About this Application
Overview
SecureMotion is a lightweight, privacy-focused local security hub designed to execute directly within a modern web browser.
Rather than forwarding camera feeds to remote cloud instances, this hub manages all frames inside the processing thread of the
host browser. This architecture avoids sending raw imagery outside the computer, offering an extra layer of privacy.
By utilizing local hardware interfaces, SecureMotion analyzes, flags, and records security activities locally.
How to Use
- Define Storage Folder: Click Select Folder. Assign a storage path on the host computer. Files will be recorded and retrieved directly from this location.
- Start Video Feed: Choose the Start Camera action. Give the browser permission to access the local webcam interface.
- Tune Sensitivity Threshold: Slide the threshold controller to align motion actions. Lower bounds limit detection triggers to wide-scale transitions, whereas high bounds capture subtle changes.
- Arm the Hub: Activate the Arm System checkbox. The algorithm will begin saving a 3-second security video segment when motion is identified.
- System Sound Alerts: Toggle the Sound: ON/OFF trigger to enable synthetic alert tones upon detection.
- Review Footage: Use the direct playback controls on cards loaded inside the Recordings feed. Press Delete to clear files from the local storage folder.
- Reset System: Use the Reset Simulation option to clear and restore the application states.
Technical Details
- Secure Media Capture: Leverages the navigator.mediaDevices.getUserMedia media stream layer.

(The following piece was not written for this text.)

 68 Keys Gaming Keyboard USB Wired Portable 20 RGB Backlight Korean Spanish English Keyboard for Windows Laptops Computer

- Frame Differencing: Draws active webcam arrays to an isolated virtual canvas. By comparing pixel values (RGB channels) across subsequent frames, changes in localized pixel structures are calculated to determine motion coordinates.
- Direct Stream Encoding: Employs the MediaRecorder API (using VP8/WebM fallback encoding schemes) to bundle frame segments locally.

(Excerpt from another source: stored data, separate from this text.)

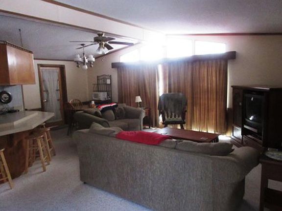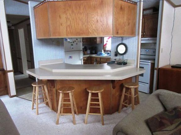 Year around 3 Bedroom lakefront home on Hunters Lake (no wake 42 acres)Extremely well maintained with ceiling fans in each room plus central air. The asking price includes an 18 ft. pontoon w/ 4 cycle outboard motor and approximately 40 feet of easy in easy out dock sections on an excellent fishing lake. Room sizes as follows: Bdrm1 16x14 knotty pine ceiling and wall, sliding window wall to lakeside deck, propane heater Bdrm2 two twin beds 11x9 Bdrm3 two sets of bunk-beds 10x11 Living, Dining, Kitchen open area with bar and bar stools Utility Rm 6x7 with stackable washer/dryer and exterior door to back deck. Move in ready. Most all furnishings will stay. A must see to be appreciated.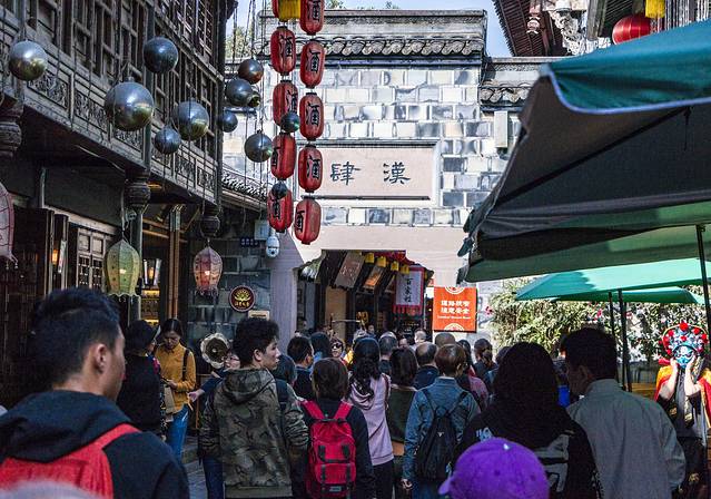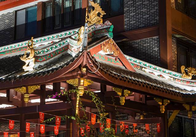 如今的锦里,当然没有了秦汉三国时期的建筑,整个街道以明清民宅为主体,配以三国文化(武侯祠)、四川民俗(川剧表演)、特色文化(铜人、变脸),打造出了一条综合类型的特色旅游街区。整个锦里有许多适合拍照打卡的地方,趁着这几天阳光正好也拍了不少的照片~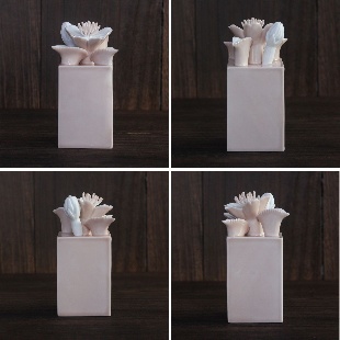白磁とは思えない彫刻のような細かい造形は従来の焼き物のイメージにとらわれない作風を確立し表現しています。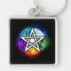 Artistically drawn, luminous pentagram with five magical elements, water, earth, fire, astral, air on black background. Wiccan pentagram. Wicca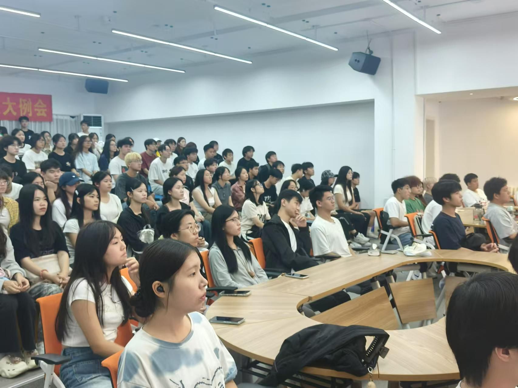 在会议中,我们还特别邀请了22级主席团成员刘民煌进行过往总结。他分享了自己在校青年创业服务站的经历和收获,为新同学们提供了宝贵的经验和建议。
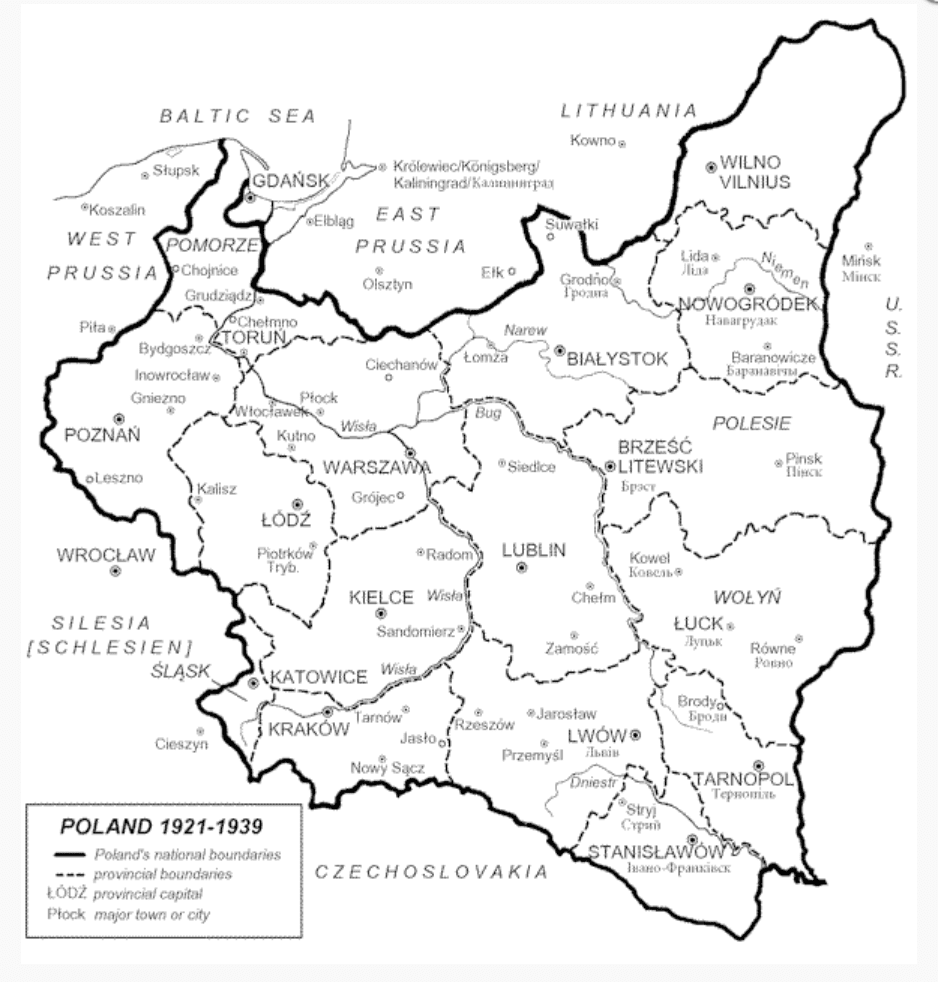 The new state stretched to the east to include the provinces of Nowogródek, Polesie, Wołyń, Tarnopol, and Stanisławów. The major cities were Wilno (Vilnius), Stanisławów (Ivano-Frankivsk), Lwów (Lviv) and Brześć (Brest). These areas became known as Kresy – Borderlands. The area encompassed a population of five million Ukrainians and 150,000 Belarusians 80,000 Russians. In one estimate, only 15% of the population was ethnically Polish. Yet there were 2 million Poles left outside the new borders.

- Direct Local IO: Implements the FileSystem Access API to directly write records onto host folder handles, avoiding arbitrary user download dialogues.
Future Directions
The roadmap for this system focuses on integrating lightweight machine learning models (such as TensorFlow.js) to process edge-based classification profiles. This step aims to differentiate between humans, pets, and wind-blown elements directly in-browser. Additionally, updates will target support for synchronized multi-channel streams and WebRTC integrations to securely view camera streams from other local devices.